Sell rallies in EUR/USD
Following the sharp sell off in initial response to the October ECB meeting, EUR/USD has since fallen another 500 pips lower as investor expectations have continued to mount in anticipation of further easing measures at Thursday’s meeting. Data since the last meeting has been mixed, though notably hasn’t materially weakened and indeed some areas have improved.

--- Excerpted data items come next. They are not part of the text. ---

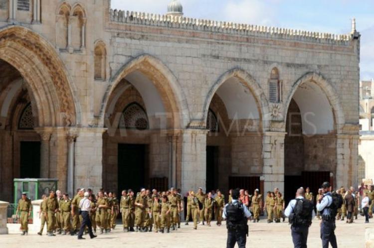 اقتحمت مجموعة كبيرة من الجنود الصهاينة صباح اليوم الثلاثاء، باحات المسجد الأقصى عبر باب المغاربة، تحت حماية الشرطة الصهيونية.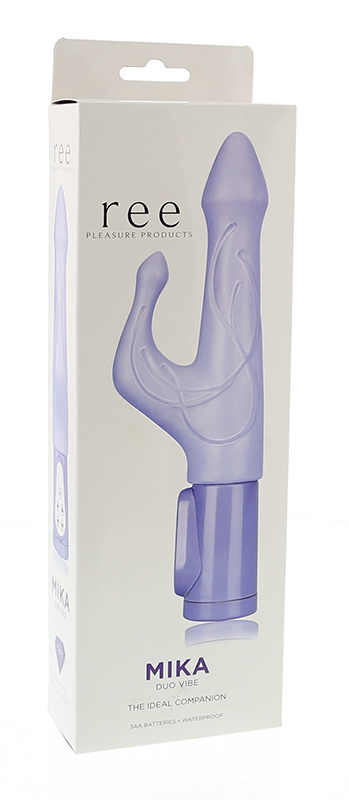 Сиреневый вибромассажёр с клиторальным отростком Mika.
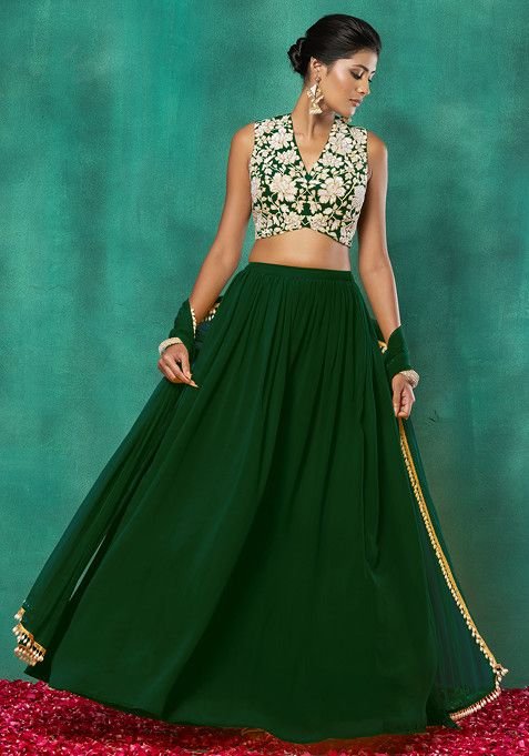 Emerald Green Lehenga Set With Floral Sequin Hand Embroidered Blouse And Choker Dupatta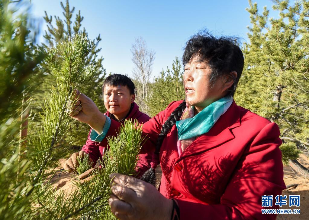 3月23日,殷玉珍(右)给儿子白国才传授造林知识。新华社记者 彭源 摄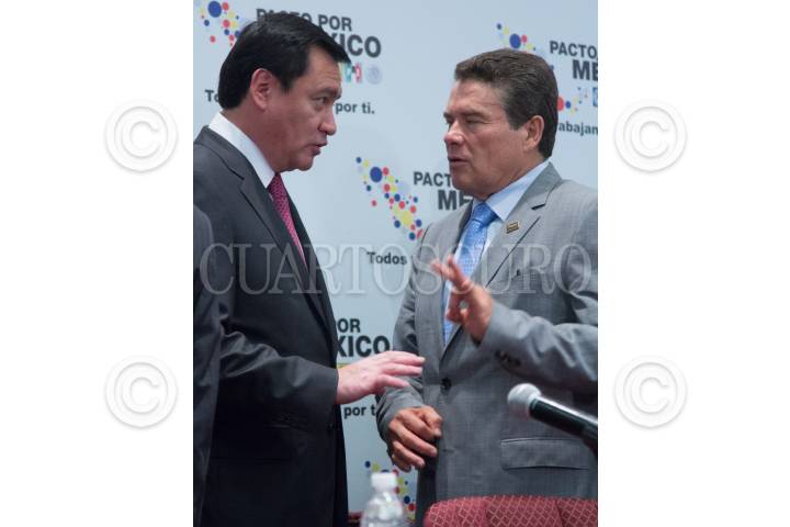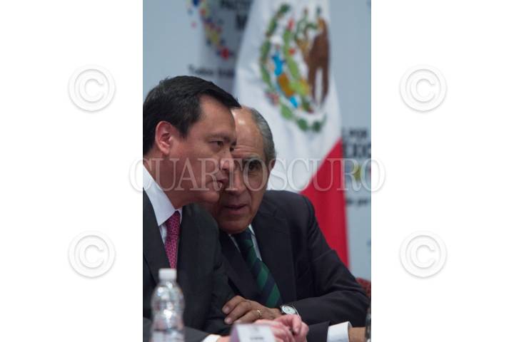 MÉXICO, D.F., 22MAYO2013.- Miguel Ángel Osorio Chong, Secretario de Gobernación junto a Pablo Gomez, Integrante Rector del Pacto por México y representante del PRD durante la reunión de los integrantes del Consejo Rector del Pacto por México con Integrantes del Sindicato Nacional de Trabajadores del Estado. FOTO: ENRIQUE ORDÓÑEZ /CUARTOSCURO.COM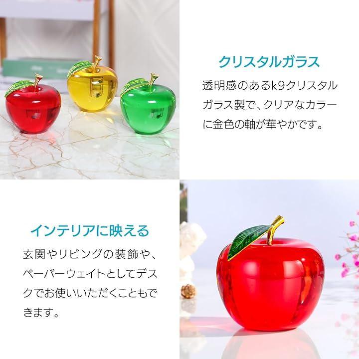 リンゴは若さや健康のシンボルでもあり、レッドは恋愛・夫婦円満・人間関係アップに、イエローは金運・生命力アップ、グリーンは仕事運アップ・癒しなど、運気を上げる風水アイテムとしても人気です。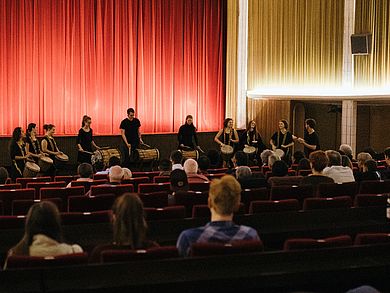 Begleitet wurde die Filmvorführung von einem interessanten Austausch mit dem Filmteam, bei dem es Hintergrundinformationen und Anekdoten zum Dreh in Kenia gab. Musikalisch umrahmt wurde der Abend vom Percussion Ensemble der OTH Regensburg, das die Zuschauer mit afrikanischen Klängen verzauberte.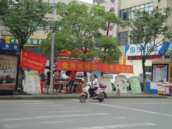 活动地点设在几个集中的小区之间的超市门前,公司党员志愿服务队打出队旗,佩戴徽章,亮明党员志愿者身份。活动展台摆放科学用盐宣传资料、系列低钠盐及盐洁牙膏、沐浴盐、足浴盐等各种生活用盐,吸引了很多市民驻足观看。多年来盐业和疾控部门的努力使食用碘盐防治碘缺乏危害的观念已经深入人心,可喜的是,现在有了更多市民对“食用低钠盐远离高血压”的概念有了初步的了解,还有部分市民对盐在生活中的应用也非常有兴趣。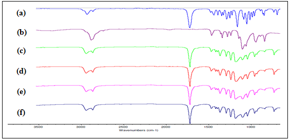 Fig. 1: FTIR spectra of ɛ-CL (a), PEG (b), PCEC triblock copolymers for the ratio of PCL: PEG 2.0:1 (c); 2.5:1 (d); 4.0:1 (e); and 5.0:1 (f)

Alongside the data flow since the last meeting, we have also had various comments on the wires from ECB members, most notably ECB chief Draghi who reiterated the seriousness of the threat to EuroZone inflation noting that “downside risks stemming from global growth and trade are clearly visible” and that “signs of a sustained turnaround in core inflation have somewhat weakened.” Draghi also commented on the ECB’s willingness to do “whatever necessary” in order to “raise inflation quickly.”
The minutes release of the October meeting also cast a further Dovish shadow revealing that the ECB was actually considering a potential increase in QE as early as October but it was decided that waiting until the December meeting would avoid any premature actions on a possibly unduly gloomy outlook
The ECB’s October meeting delivered a heavy Dovish blow to the euro as Mario Draghi and the governing council addressed the key weaknesses and threats jeopardizing the path to the ECB’s inflation target. Draghi cited the need for “thorough analysis” of the “strength and persistence of factors” weighing on inflation, among these the persistent weakness in emerging markets (particularly China) which is weighing on foreign demand and exports.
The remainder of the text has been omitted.